だから政府は早期に抜本的な公務員改革法案を成立させなければならないのだが、そのやり方としては天下りを禁止するといった対症療法的な政策ではなく、公務員サービスの中身と役割の見直しや、中央と地方の二重行政の廃止、地方においては広域行政サービスへの統合により単一自治体でのサービスを廃止するなど、トータルの公務員サービスに係る全体経費への改革が求められているのだ。


  • 東西の電気周波数、統一ならコスト10兆円
経済産業省は6日、東西日本で異なる電気の周波数を統一した場合、電力会社の設備交換だけで約10兆円のコストがかかるとの試算をまとめた。東日本の50ヘルツを60ヘルツに統一する場合を想定し、発電機などの交換費用を算出。工場のモーターなど需要家側も対応投資が必要なことも指摘した。
めんどくさいからやりたがらない官僚の言い訳のような報告が出ているが、長期的にみれば10兆円かかっても大したコストではなく、ここで出ていない周波数統合によって得られる経済メリットを加えれば回収可能なものに思われる。電気製品を作っている企業にしても周波数が統一されれば部品の単価は下げられるし、機器の切り替えによる新たな需要も生まれるから補助金の投入は必要になるにせよ、道路や新幹線を今さら整備するよりもはるかにメリットの大きな公共事業になる。


  • アサヒのビール風味飲料「ドライゼロ」 飲食店、年内20万店に 
アサヒグループホールディングス傘下のアサヒビールは2月下旬に売り出したアルコール分0%のビール風味飲料「ドライゼロ」を取り扱う飲食店を現在の約3万店から年内に20万店まで増やす。小路明善社長が明らかにした。成長が続くノンアルコールビール市場で競合他社より出遅れていたが、家庭向けの商品と並行して業務用市場を開拓して巻き返す。
飲酒運転事故などが社会問題化したり、酒税の引き上げなどで低アルコール=低価格化へ需要がシフトしているのでノンアルコール飲料が伸びていくのは当たり前だが、一方で酒税の低いこういった飲料構成比が伸びればまた酒税収入は減っていく。
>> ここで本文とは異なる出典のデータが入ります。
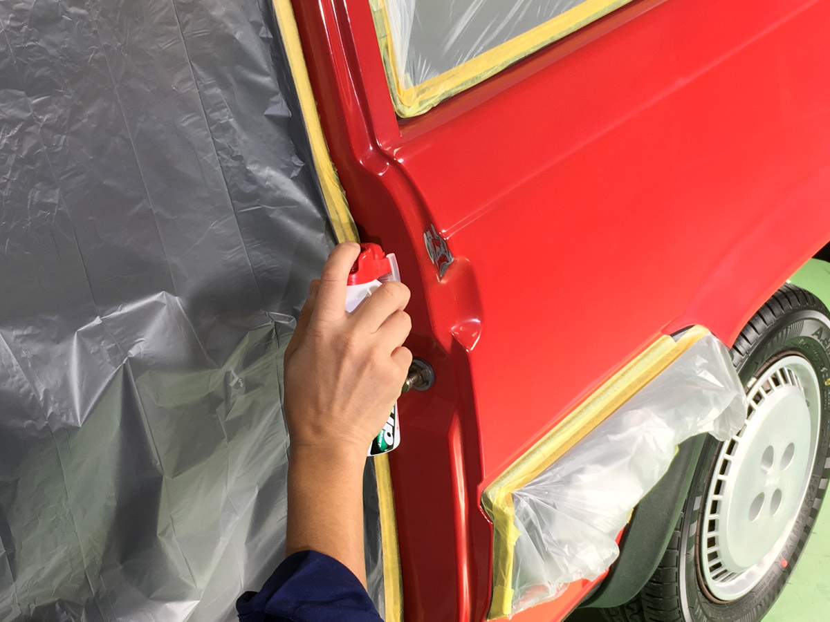 この『エアータッチ』ホビーなどで使用するエアーブラシのように狭いスペースに塗装することができる極細のスプレーなので、周辺への飛び散りも少なく塗装できるのが特長。とはいえ、今回はドアの当たり部で塗料が車内に付着してしまうことが考えられるので、ドアの入口部分と未塗装樹脂パーツ部分、念のため窓にもマスキングをします。
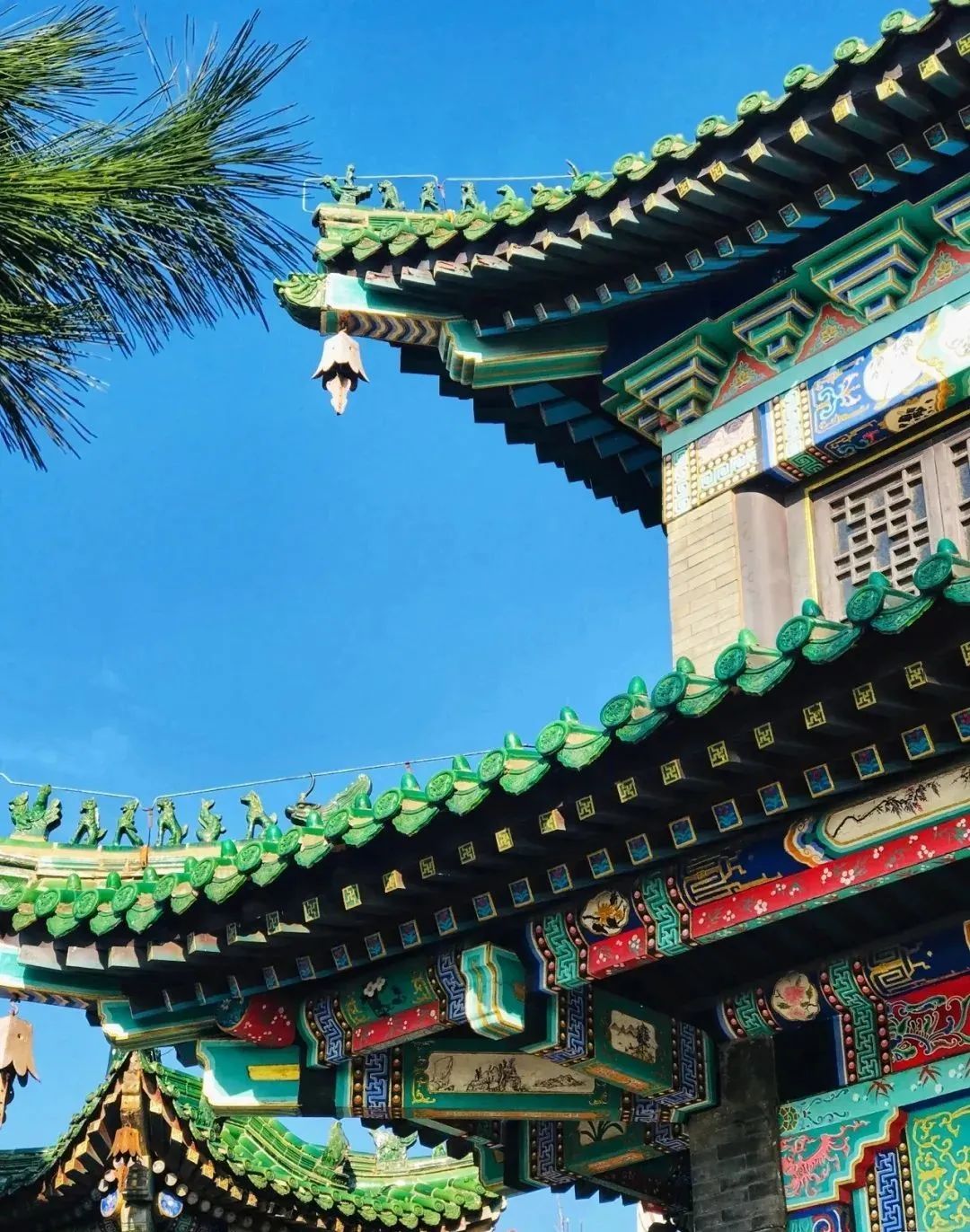 除戏楼为琉璃瓦盖顶,其它建筑物均为清水墙、小灰瓦,且经苏州式彩绘点染,雕梁画栋,金碧辉煌。

たばこも大幅値上げで喫煙者減少に拍車がかかり、たばこ税収入も減少しているが、過去は税収の半分を占めていた時期もあった酒税が、いまでは年間1兆円台で構成比もヒトケタに落ち込んでいる。そういう意味では税制そのものも見直しが必要になってきているわけで、伸びている業界に掛ける税金としては「パケット通信税」とかが誕生するのかもしれない。